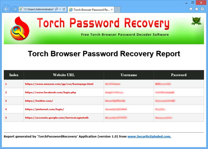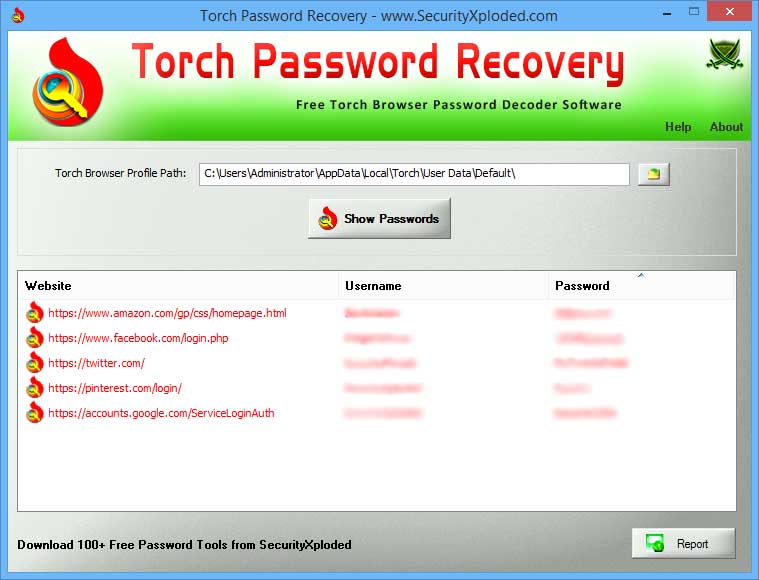 Torch Password Recovery is the FREE tool to instantly recover your lost or forgotten website passwords from Torch browser.
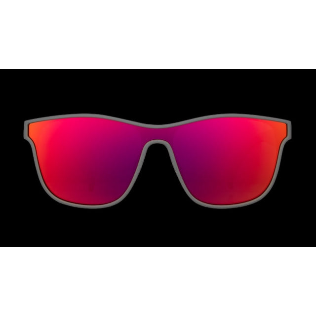 Sure, these polarized gray and red single-lens futuristic sunglasses won't slip when you sweat or bounce when you move, and the polarized lenses have UV400 protection- but they definitely won't help you pass a Voight-Kampff test, so don't ask. (Be cool, the evil robots are listening..).
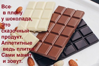 Открытка "Все в плену у шоколада, Это сказочный продукт. Аппетитные ведь плитки Сами манят и зовут."
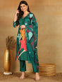 Green Silk Blend Floral Printed Straight Kurti Pants With Dupatta
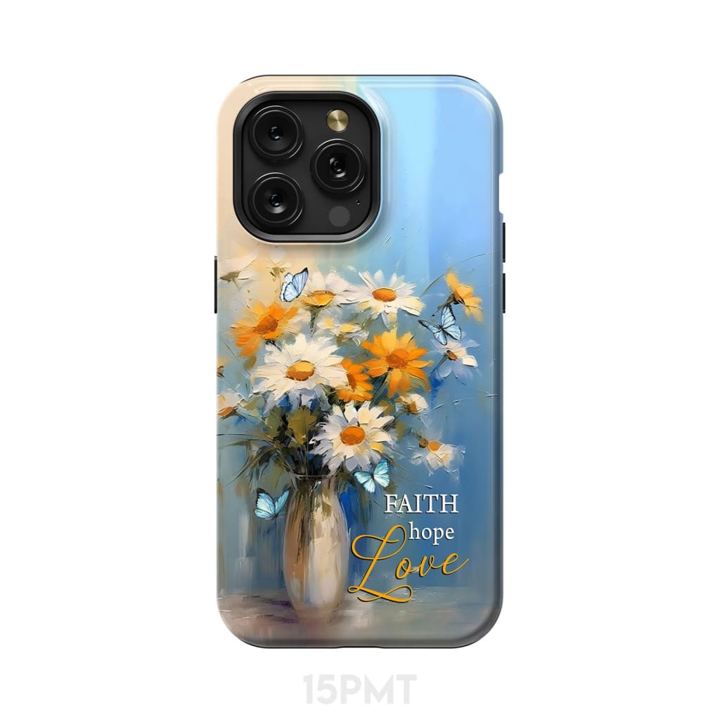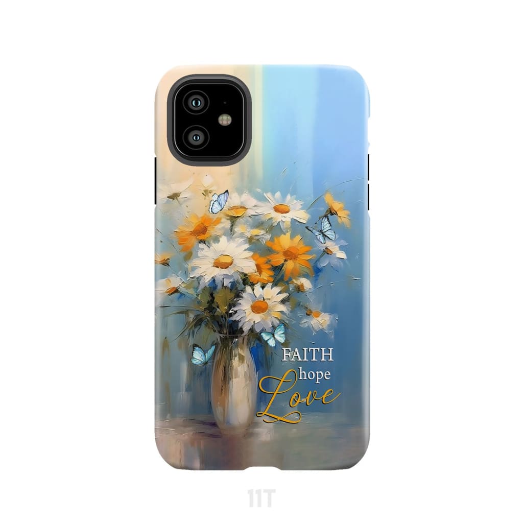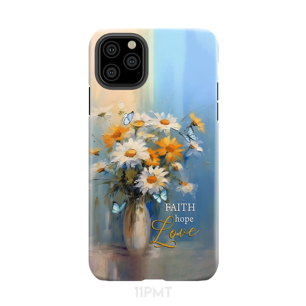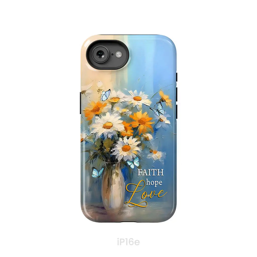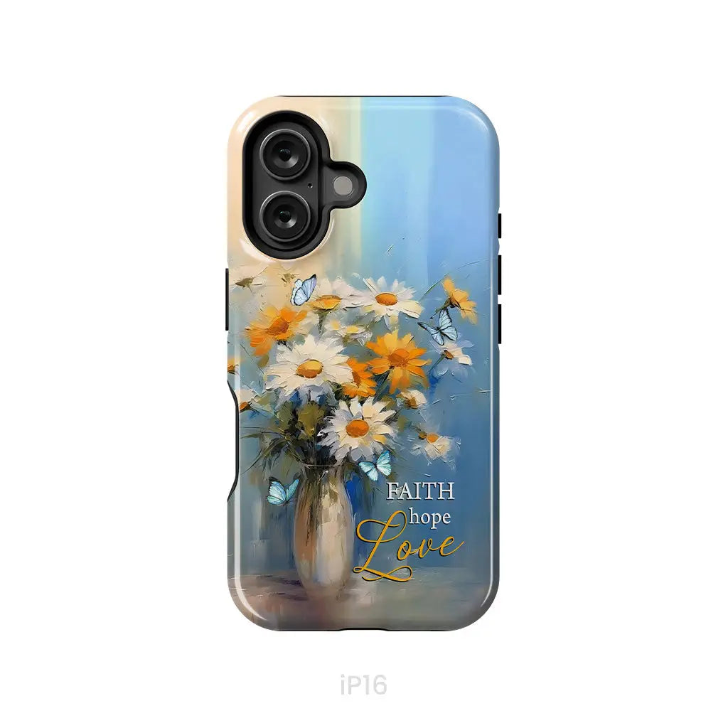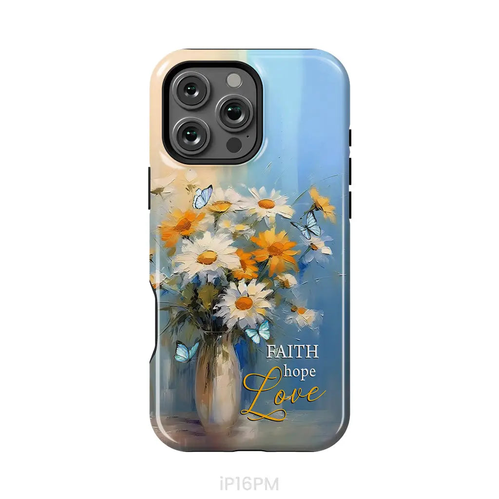 Faith Hope Love, Butterflies, Daisies in a Vase, Phone Case

* * *

Up to and including the line with "Green Silk Blend", repeat every line from the top of the entries exactly, but not the pictures.

 Torch Password Recovery is the FREE tool to instantly recover your lost or forgotten website passwords from Torch browser.
 Sure, these polarized gray and red single-lens futuristic sunglasses won't slip when you sweat or bounce when you move, and the polarized lenses have UV400 protection- but they definitely won't help you pass a Voight-Kampff test, so don't ask. (Be cool, the evil robots are listening..).
 Открытка "Все в плену у шоколада, Это сказочный продукт. Аппетитные ведь плитки Сами манят и зовут."
 Green Silk Blend Floral Printed Straight Kurti Pants With Dupatta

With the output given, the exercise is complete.